Down in Monterey: The Summer of Love by Steven A. Moore is a colorful, nostalgic trip down the Northern California coast. Wyatt, a seventeen-year-old boy upset with his home life, meets a girl named Dusty Bedingham at a convenience store. Dusty promises him a day of adventure as the two set off down the coast towards the Monterey Pop Festival. Hijinks ensue as the two cross paths with rock stars, classmates, and drug dealers.


Meticulously paced and plotted, Down in Monterey: The Summer of Love unfortunately stumbles slightly at the end. The resolution of the novel comes suddenly and almost without warning, bringing the momentum that has been slowly building to a screeching halt. This abrupt resolution has the effect of making the conclusion of the novel feel superficial and rushed, as if the novel itself is actively more interested in the journey than in the destination. This could be remedied if a little more attention were paid to Wyatt’s relationship with his family and his friend Eric.

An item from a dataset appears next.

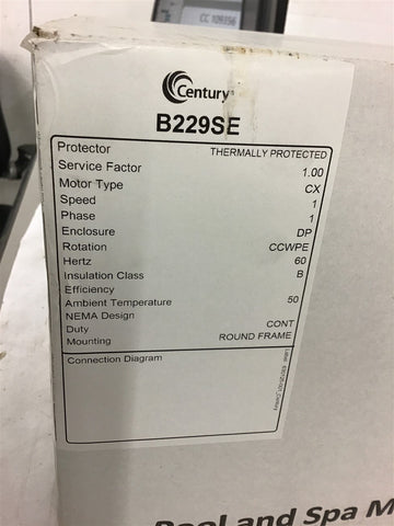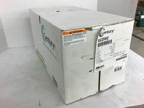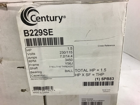 Century B229SE 1.5 HP Motor 230/115 Volts 7.2/14.4 Amps 3450 Rpm 56J Frame Return Policy Returns accepted within 30 days. Items sold as is cannot be returned, unless description is in error. Buyer pays return freight. Shipping Policy We ship almost all items with 1 business day of cleared payment. We ship USPS and UPS. We can ship on your account. If you will be shipping freight, please be sure to provide all delivery contact information including a phone number. We will need to know if you have a fork lift or dock.

Down in Monterey: The Summer of Love is a road trip tale that nimbly weaves together the lives of its many characters. Set during the 1960s, the novel plucks at the heartstrings of any reader who has a nostalgia for this time in American history. The world is described in careful and loving detail. Moore does an excellent job of painting a vibrant picture of hitchhiking down the Northern California coast. Although the plot verges on the improbable at times, the reader cannot help but be swept along in the current of chaste rebellion, drugs, and rock n’ roll. Down in Monterey: The Summer of Love by Steven A. Moore is sure to appeal to any reader with an interest in, or nostalgia for, the 1960s, as well as anyone looking for a quick, yet well-written, read.

Originally critiqued by a member of the Authors Talk About It team.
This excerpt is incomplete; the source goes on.